Here’s a press release from November 4th, 2009, from Luis Gutierrez: “”It’s simple: we need a plan that says the riskiest firms will pay an assessment proportionate to the risk they pose to the system…We will never be able to legislate away the financial crisis that continues to burden so many hardworking taxpayers…but we can take steps so that the riskiest financial institutions —and not the taxpayers— pay for the costs of any future crisis.”
I agree. And it was a tough fight to get a $150 billion dollar resolution authority prefund into the House bill. Pat Garofalo covered how Geithner and Treasury wasn’t interested in this idea, and that a post-fund would be fine. Now Geithner and Treasury can toss overboard something that they never wanted to appease the GOP, who won’t even be remotely appeased, and we can see this with everything else progressives fought for in the House. There were some wins on resolution authority (large prefund) and on the risk levels of the financial sector (hard 15:1 cap), that were well fought for, and are likely to go under the bus in the Senate.
So once again, here’s why I think a large resolution fund that is prefunded is better than post-funded.
The Handshake Conservatives are doing this entirely wrong. If their real worry is the moral hazard that firms would want to become systemically risky, instead of trying to appease Wall Street for fundraising purposes, then something that makes them pay insurance for crossing the threshold will cause those firms to grow larger if and only if there is real value in doing so.
The argument against this is that those firms who are too risky will be subject to such prudential regulation that the regulation and capital reserves ratios themselves will be enough to do this. But that’s not what I’m hearing in the background. Start listening for dogwhistles about the Canadian banking sector being replicated here, where the biggest financial firms shake hands with the government and are celebrated for their international competitiveness and the whole market failure and the difficult-to-impossible resolution of large concentrated firms thing is swept under the rug. If you are worried about this handshake, something that requires there to be prefunding will at least discourage as many firms from getting on the inside.

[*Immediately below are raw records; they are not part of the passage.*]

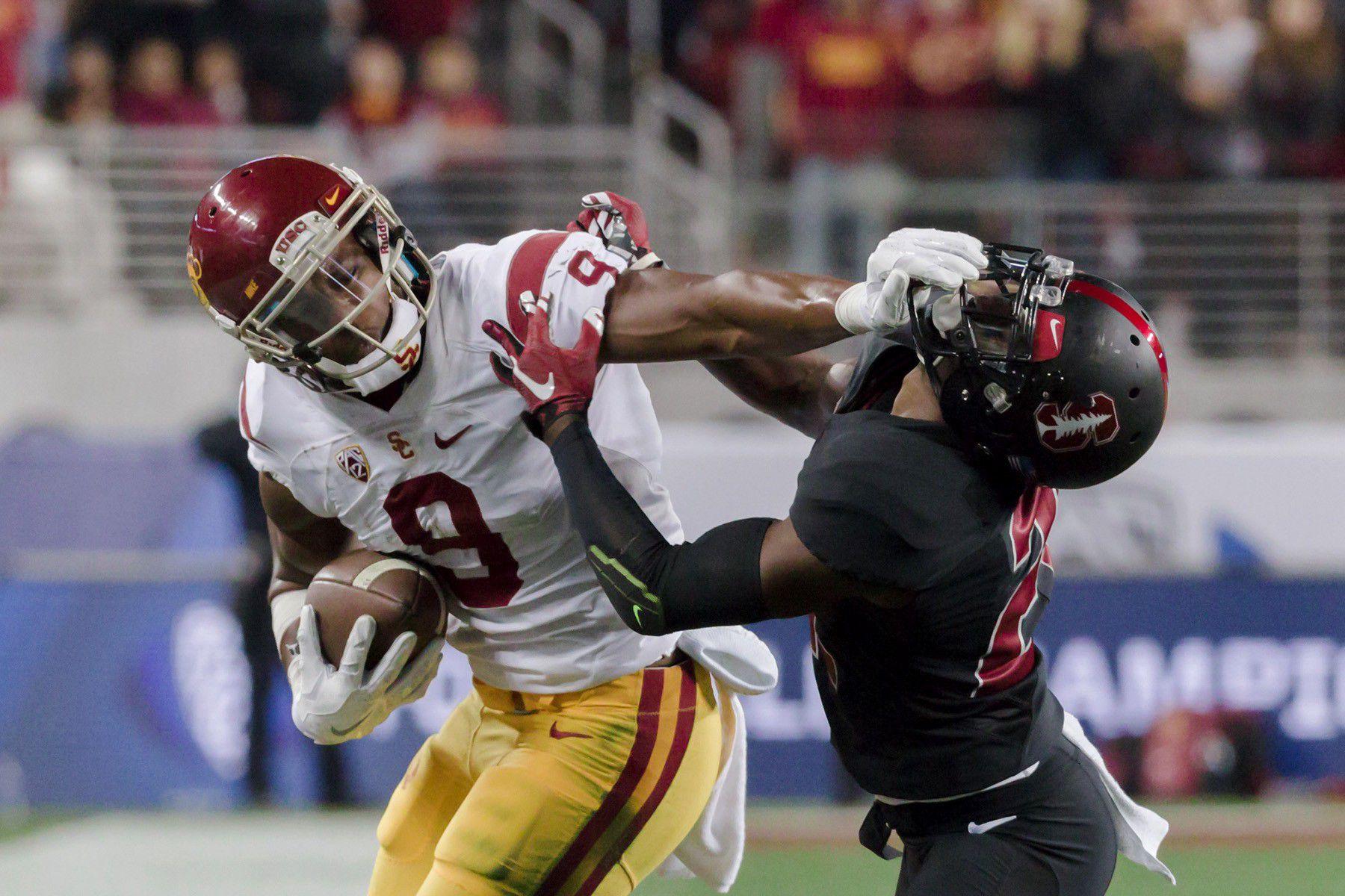 Ask Smith-Schuster about his stiff arm and he’ll laugh. His signature highlight came in the 2015 season against Utah, when he caught a ball on an underneath route, turned upfield, and sought out Utes defensive back Dominique Hatfield. Hatfield had been talking trash all game, asking Smith-Schuster why he was “trying to put him on SportsCenter.” Smith-Schuster did, sending the home crowd into pandemonium and his move into viral perpetuity.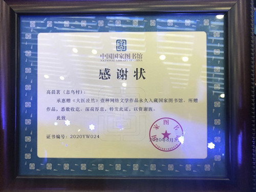 2020年6月24日,《大医凌然》入选2020年凤凰彩票平台登录入口重点扶持“青年创作与理论研究专项”。8月14日,《大医凌然》影视签约仪式在上海举办。8月31日,《大医凌然》和《庆余年》《琅琊榜》等百部网文作品共同入藏国家图书馆。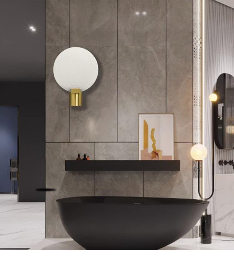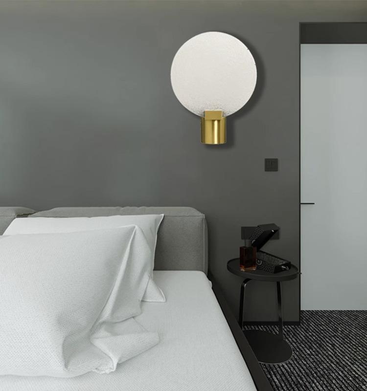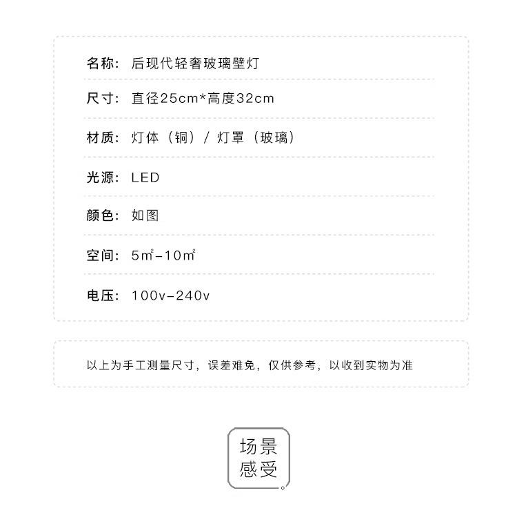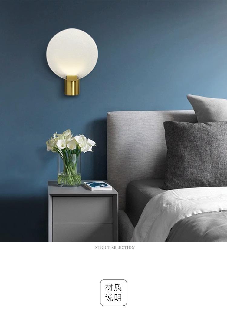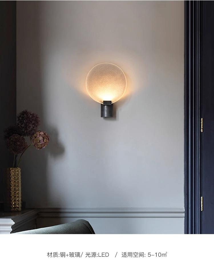 Lámpara de pared de fondo para sala de estar, de cobre, de lujo, con luz posmoderna, LED, simple, de vidrio, para pasillo, dormitorio, lámpara de pared de noche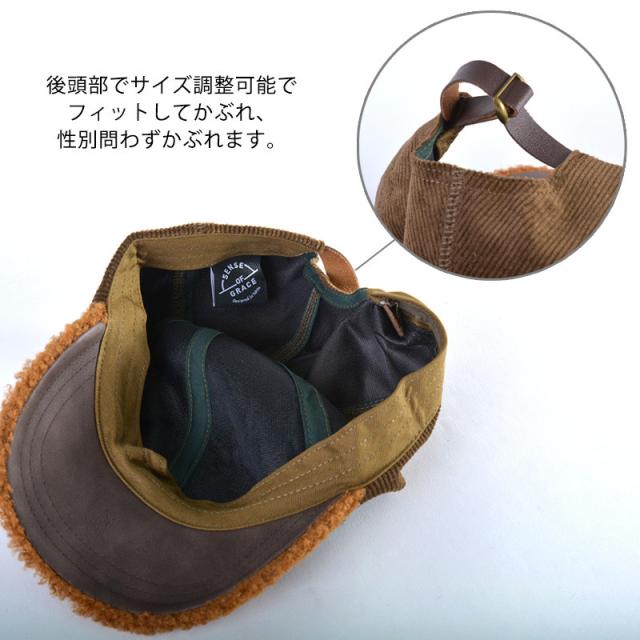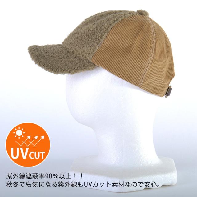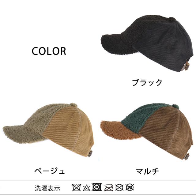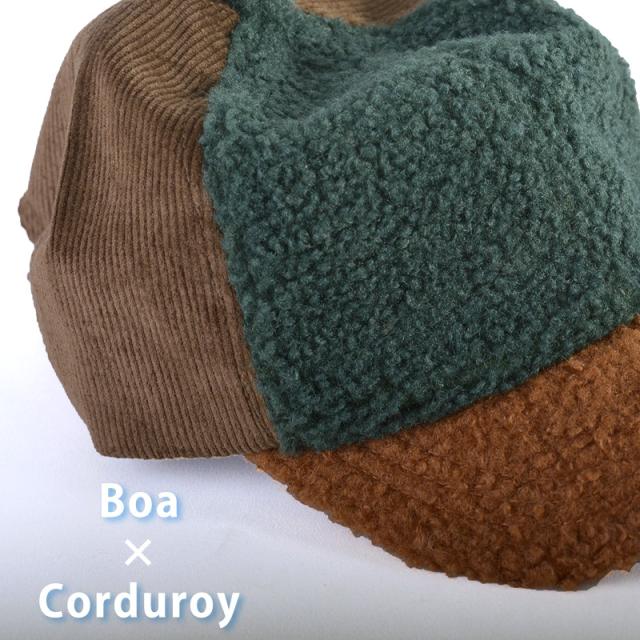 プードルボアとコーディロイの素材を使用したベースボールキャップ。

In a crisis… Here’s my real worry, and why I push for this. We don’t have a sense for how this resolution authority will work in the middle of a crisis. It might go smoothly, or it might not. But either way, adding the costs to the remaining firms will further depress their balance sheets in the middle of a downturn, further increasing the chances that it will cascade. It might not be a problem, but it might be.
It’s not fair for a firm to get insurance without having to pay for it in some way, so the idea that only the remaining firms would have to contribute into this fund is a bad one. But the idea that those that pay wouldn’t pay in the up-cycle, which would be counter-cyclical and better from a regulatory point-of-view, but instead have to add the liability to their balance sheet in the down-cycle, is the wrong way to do it. And as such, it wouldn’t surprise me if Congress wanted to pass an emergency bill picking up the tab.